João Paulo Rodrigues: Fazendeiro não perde dinheiro com a Reforma Agrária – IREE

Podcast

João Paulo Rodrigues: Fazendeiro não perde dinheiro com a Reforma Agrária

O Secretário Geral do Movimento Sem Terra (MST) João Paulo Rodrigues foi o oitavo entrevistado do Podcast Reconversa em abril de 2023. Ele explicou como funciona um assentamento e tratou de temas como a importância da luta pela democratização das terras e o atual modelo agrícola brasileiro.

Relembre essa interessante conversa que marcou o início do programa apresentado pelo jornalista Reinaldo Azevedo e pelo Presidente do IREE, Walfrido Warde. Um compacto do vídeo pode ser visto aqui.

João Paulo Rodrigues é agricultor e assentado de reforma agrária, formado em Ciências Sociais e membro da Coordenação Nacional do MST. Sua história no Movimento começou ainda na infância quando, em 1983, seu pai participou de um assentamento e conquistou a terra dois anos depois. Atualmente, ele compartilha com seu pai o lote de reforma agrária localizado no município de Euclides da Cunha Paulista.

O agricultor enfatizou a determinação do MST em lutar pela reforma agrária e pela democratização do acesso à terra no Brasil. Segundo ele, o movimento não pode se contentar com as terras já obtidas.

“O MST não vai recuar no debate da democratização das terras, esse negócio que o MST já tem terras e vai cuidar da produção, não, nós temos cinco milhões de famílias sem terra no Brasil.”

Como funciona o assentamento do MST

João Paulo Rodrigues explicou o passo a passo da reforma agrária no Brasil e destacou o papel do Instituto Nacional de Colonização e Reforma Agrária (Incra) como braço do Estado responsável por identificar e adquirir terras improdutivas, além de selecionar as famílias que recebem a concessão do Estado para uso da terra.

“O Estado tem as atribuições para fazer todo o processo legal para avaliar se a terra é improdutiva ou não e negociar o valor do lote com o proprietário. O Estado negocia com o proprietário um valor e paga para ele. Ou seja, o fazendeiro não perde nada. Ele recebe, inclusive, às vezes, valor muito maior do que o de mercado pela propriedade.”

A Reforma Agrária que o MST defende

O líder do MST apresentou uma perspectiva de reforma agrária que vai além da redistribuição de terras e engloba questões como o desenvolvimento sustentável e o combate à desigualdade, à insegurança alimentar e à crise ambiental.

“O MST defende uma reforma agrária que possa resolver três problemas: democracia, 46% das terras brasileiras estão com 1% da população, ou seja, terra no Brasil é poder, tem que democratizar. Segundo, produção de alimentos, nós temos uma crise de abastecimento sem precedentes no mundo, pelos problemas climáticos, pela diminuição da área plantada, pelo agro ter transformado o alimento em commodity. E terceiro, ajudar a preservar o meio ambiente, não tem como o agro, no mundo, resolver a questão ambiental, se não tiver apoio dos camponeses, das camponesas e da agricultura familiar.”

Um novo modelo de agricultura

Para João Paulo Rodrigues, falhas sistêmicas no setor agrícola brasileiro favorecem a produtividade e o lucro em detrimento da ética e da responsabilidade ecológica.

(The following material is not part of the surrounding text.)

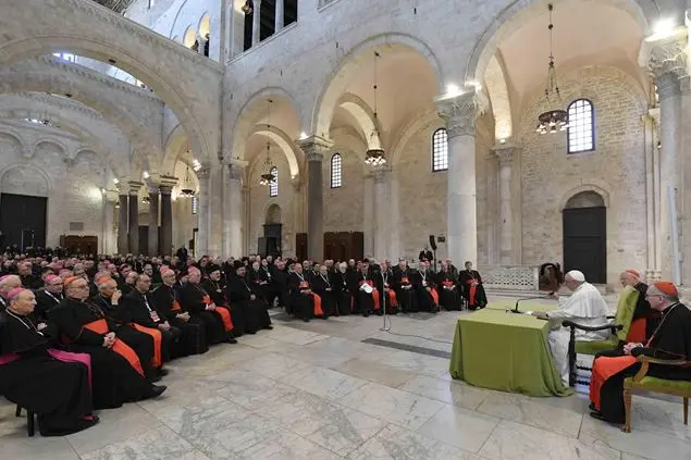 Dopo aver ascoltato le parole del cardinale Gualtiero Bassetti, che ha pensato all’incontro facendosi interrogare dall’ispirazione di Giorgio La Pira sul Mediterraneo, quelle del cardinale Vinko Puljić, arcivescovo di Sarajevo e presidente della Conferenza Episcopale della Bosnia-Erzegovina che ha ricordato i giorni terribili della guerra, e ricorda cosa gli disse un vescovo dell’Europa occidentale nei giorni terribili della guerra e di monsignor Pierbattista Pizzaballa, amministratore Apostolico «sede vacante» del Patriarcato Latino di Gerusalemme, presentano i risultati della due giorni che ha portato a Bari 58 vescovi di 60 Paesi del Mediterraneo, che ha sottolineato che «le Chiese del Medio Oriente e del Nord Africa hanno più volte ribadito che non hanno bisogno solo di aiuti economici, ma innanzitutto di solidarietà, di sentirsi ascoltate, che qualcuno faccia propria la loro difficile realtà, dove però vi è anche la luce di tante testimonianze di fedeltà e di solidarietà umana e cristiana», papa Francesco è partito dal ricordo dell’altro incontro che lo portò a Bari un anno e mezzo fa insieme con i patriarchi ortodossi. «Quella era la prima volta dopo il grande scisma, eravamo tutti e questa è una prima volta di tutti i vescovi che si affacciano sul Mediterraneo. Io credo che potremmo chiamare Bari capitale dell’unità, l’unità della Chiesa se monsignor Cacucci lo permette».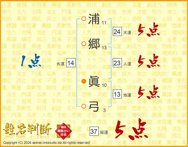 浦(11画)郷(13画) 眞(10画)弓(3画)

Dessa forma, o líder do MST defende que o agro e a agricultura familiar construam um novo modelo de agricultura.

“O agro tem problemas que precisam ser resolvidos como o trabalho análogo a escravidão, não respeitar a questão ambiental, as dívidas públicas com o Estado e não deixar que cobrem imposto sobre a exportação de produtos agrícolas. Nós achamos que é um modelo que precisa ser melhorado, por isso, eles têm que junto com a agricultura familiar construir um novo modelo de agricultura.”